GridServer Windows Engines instances crash and restart in loop when engine instance count is greater than 100 Engine instances per Daemon

GridServer Windows Engines instances crash and restart in loop when engine instance count is greater than 100 Engine instances per Daemon

book

Article ID: KB0073197

calendar_today

Updated On:

Products Versions
TIBCO DataSynapse GridServer -

Description

Some customers have reported that some of their engine instances restart in loop when they try to use all the CPUs available from their Engine host machines.
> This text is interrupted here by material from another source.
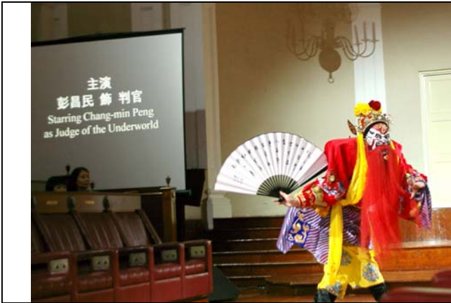
臺灣豫劇團發揮團隊精神博得很多掌聲

From the engine daemon logs we have some engine instances that seem to restart all the time (ever second or less):

---
Info: started instance 108: invoke.exe(16528)
Info: started instance 109: invoke.exe(12816)
Info: started instance 110: invoke.exe(5192)
Info: EngineExited, Exit code = -1073741502
Info: EngineExited, Restarting in 0 seconds
Info: EngineExited, Exit code = -1073741502
Info: EngineExited, Restarting in 0 seconds
Info: EngineExited, Exit code = -1073741502
Info: EngineExited, Restarting in 0 seconds
---

From the engine instance logs we have: 

---
INFO: [Engine] Shutdown called, Engine Daemon requesting Engine instance shutdown: Engine Daemon disabled by Director, exit code: 0
INFO: [EngineLoginPlugin] Initiating logoff, type=1, message: Engine Daemon requesting Engine instance shutdown: Engine Daemon disabled by Director
INFO: [EngineLoginPlugin] Sending logoff message
INFO: [EngineLoginPlugin] Logged off
INFO: [Engine] Shutting down Message Server.
INFO: [Engine] Shutdown reason: Engine Daemon requesting Engine instance shutdown: Engine Daemon disabled by Director
---

The above happens randomly since the instances affected, even had accepted work from the Broker, but not working properly. The Process Scheduling Policy from the Engine Configuration doesn't make any difference from native to numa and to balanced, all three scheduling policies behave in the same way as some engine instances crash and restart in loop.

Environment

Wndows

Resolution

If the above is present in a case, what has helped before is to ask the customer to review the value of below Windows Registry Key: 
- HKEY_LOCAL_MACHINE\System\CurrentControlSet\Control\Session Manager\SubSystems\Windows

By default, it is set to value 768 – noninteractive desktop heap, we need to increase it:

1. Try to increase 768 – noninteractive desktop heap, to 1024.
      SharedSection=1024,20480,768  to SharedSection=1024,20480,1024
2. Reboot the machine 
3. Run local system account.

After doing the above, all engines instances available should be able to be running fine.

Issue/Introduction

Some customers have reported that some of their engine instances restart in loop when they try to use all the CPUs available from their Engine host machines. From the engine daemon logs we have some engine instances that seem to restart all the time (ever second or less). Try to increase value of HKEY_LOCAL_MACHINE\System\CurrentControlSet\Control\Session Manager\SubSystems\Windows from 768 – noninteractive desktop heap, to 1024. SharedSection=1024,20480,768 to SharedSection=1024,20480,1024 After doing the above, all engines instances available should be able to be running fine.